Way to make yourself comfortable there Sadie. LOL


----------



## Oaklys Dad (Dec 28, 2005)

What a gorgeous little girl you have there. She sure knows how to make her self at home.


----------



## Dslats (Mar 1, 2007)

awwwwwwwww, now thats sweet!!!!

Debbie & mason


----------



## desilu (Nov 2, 2006)

Look at that beautiful shiny coat! What a pretty girl . . .


----------



## Heidi36oh (Feb 27, 2007)

TheHooch said:


> Way to make yourself comfortable there Sadie. LOL


She loves that couch and my bed...LOL


----------



## loana0320 (Mar 3, 2008)

aweeeeeeeeeee she looks soooo cute and comfy


----------



## BeauShel (May 20, 2007)

SSHHHHH!!! Dont wake the sleeping beauty.
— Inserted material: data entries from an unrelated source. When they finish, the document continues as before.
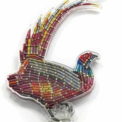 “Taxidermists strive to cover up the means and act of death, traditionally portraying the pheasant at the height of its beauty. With the shotgun cartridge works, the viewer is initially seduced by the beauty of the multicoloured cartridges that glisten in the light. However, it is hard to look past the act of death implied by all the empty cartridges, especially since these are all spent cartridges and, on looking closely, the viewer can see how some of the cartridges are coloured by gunpowder and dirt from the field.” Linton Meagher
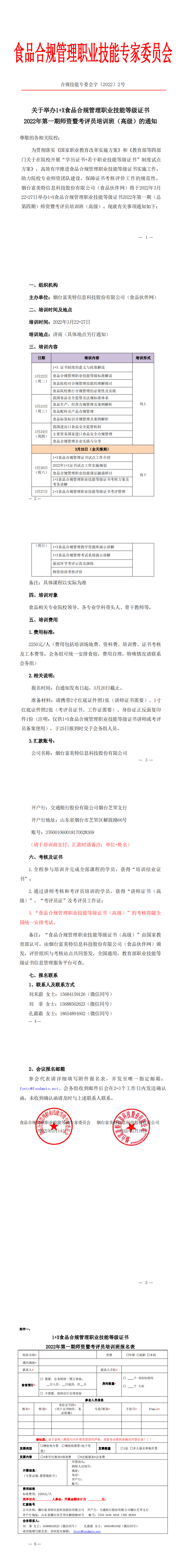 關于舉辦1+X食品合規(guī)管理職業(yè)技能等級證書2022年第一期師資暨考評員培訓(高級)的通知2.15
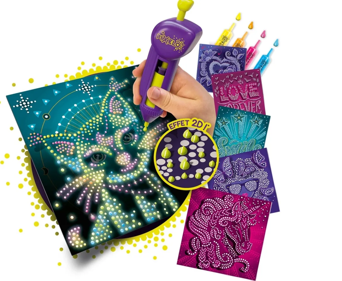Creativity meets illumination with the Pixelo Phospho 2D Glow in the Dark Art Set! Unlock a world of glowing possibilities and add fantastic relief effects to your drawings with phosphorescent gel. It’s the perfect drawing kit for budding artists with a unique creative twist!With this set, creating mesmerising glow-in-the-dark art is a breeze. Simply insert a cartridge into the mechanical Pixelo pen and press the button to release the gel points onto the predefined zones.Watch as your drawings come to life with a captivating, radiant glow! Once your masterpiece is complete, marvel at the stunning glowing effects that emerges in the dark.
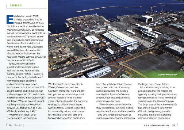Western Australia to New South Wales , Queensland and the Northern Territories , were chosen for optimum access to ship , road and rail logistics . In its first four years , Civmec targeted the booming mining and offshore oil and gas ( O & G ) sectors . Despite recent falls in commodity prices , which have hit Australia ’ s iron ore , coal and hydrocarbons sectors particularly
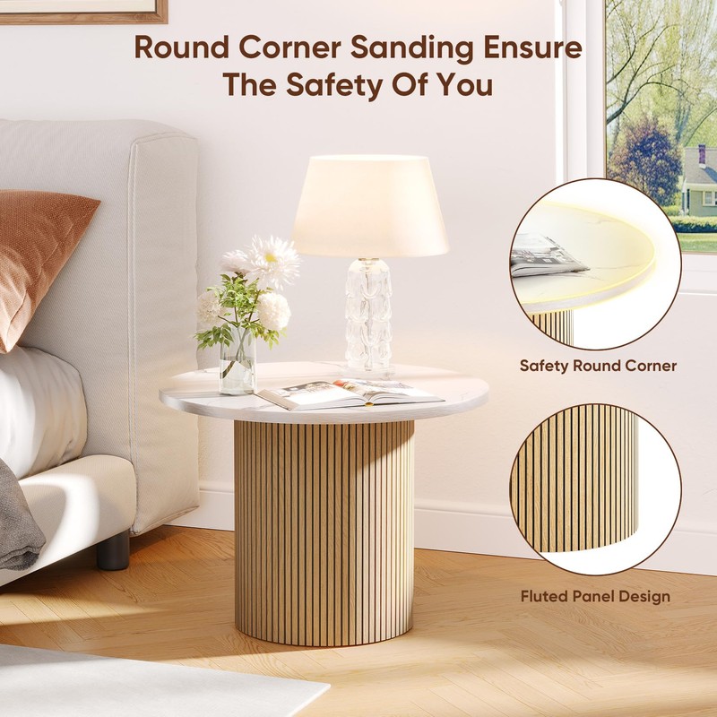 Concho Nesting Coffee Table Oak Set of 2, Marble and Round End Tables for Living Room, Fluted Side Tables with Wood Frame and Brushed Aluminum Edges, Modern Drink Desk for Bedroom, Office
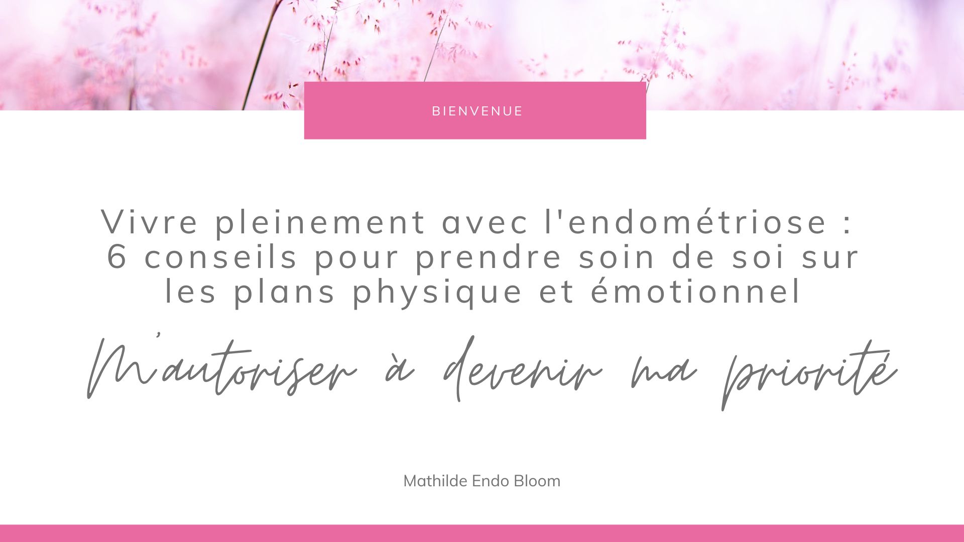 Tu souffres d’endométriose et cherches des solutions pour mieux gérer ton quotidien ? Rejoins-moi pour une conférence en ligne exceptionnelle : "Vivre pleinement avec l'Endométriose : 6 conseils pour prendre soin de soi sur les plans physique et émotionnel". Cette conférence est spécialement conçue pour t’aider à devenir ta priorité, malgré l’endométriose.
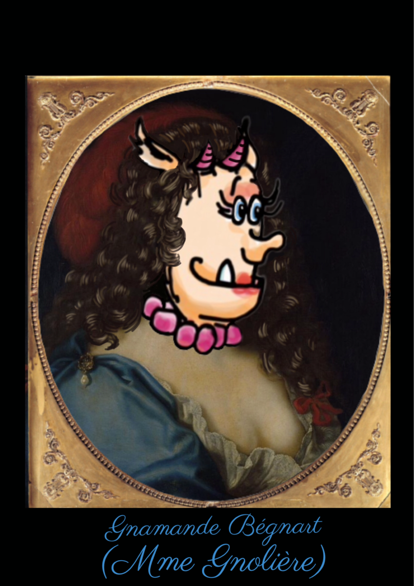 Ja, liebe Wutzi, die Gattin ist bekannt. Es ist die Schauspielerin Gnamande Bégnart, die Meista Gnolière in seinen Gnolmödien (in seinem eigenen Schmiantheata, dem "Théâta de Graisse") so entzückend fand, daß er sie ehelichte, um so ein "Monopol" auf ihre Darstellungskünste und ihre weiteren offensichtlichen und verborgenen Vorzüge zu haben...

Sadie is just so cute and love her shiny coat. She needs to learn how to relax in her new home. LOL


----------



## fostermom (Sep 6, 2007)

What a pretty girl she is! How old is she now?


----------



## HovawartMom (Aug 10, 2006)

She is beautiful!.


----------



## Heidi36oh (Feb 27, 2007)

fostermom said:


> What a pretty girl she is! How old is she now?


The vet said at the most 4 to 5 month old






















 


 It's a Girl, *Cheyenne Opal










*


----------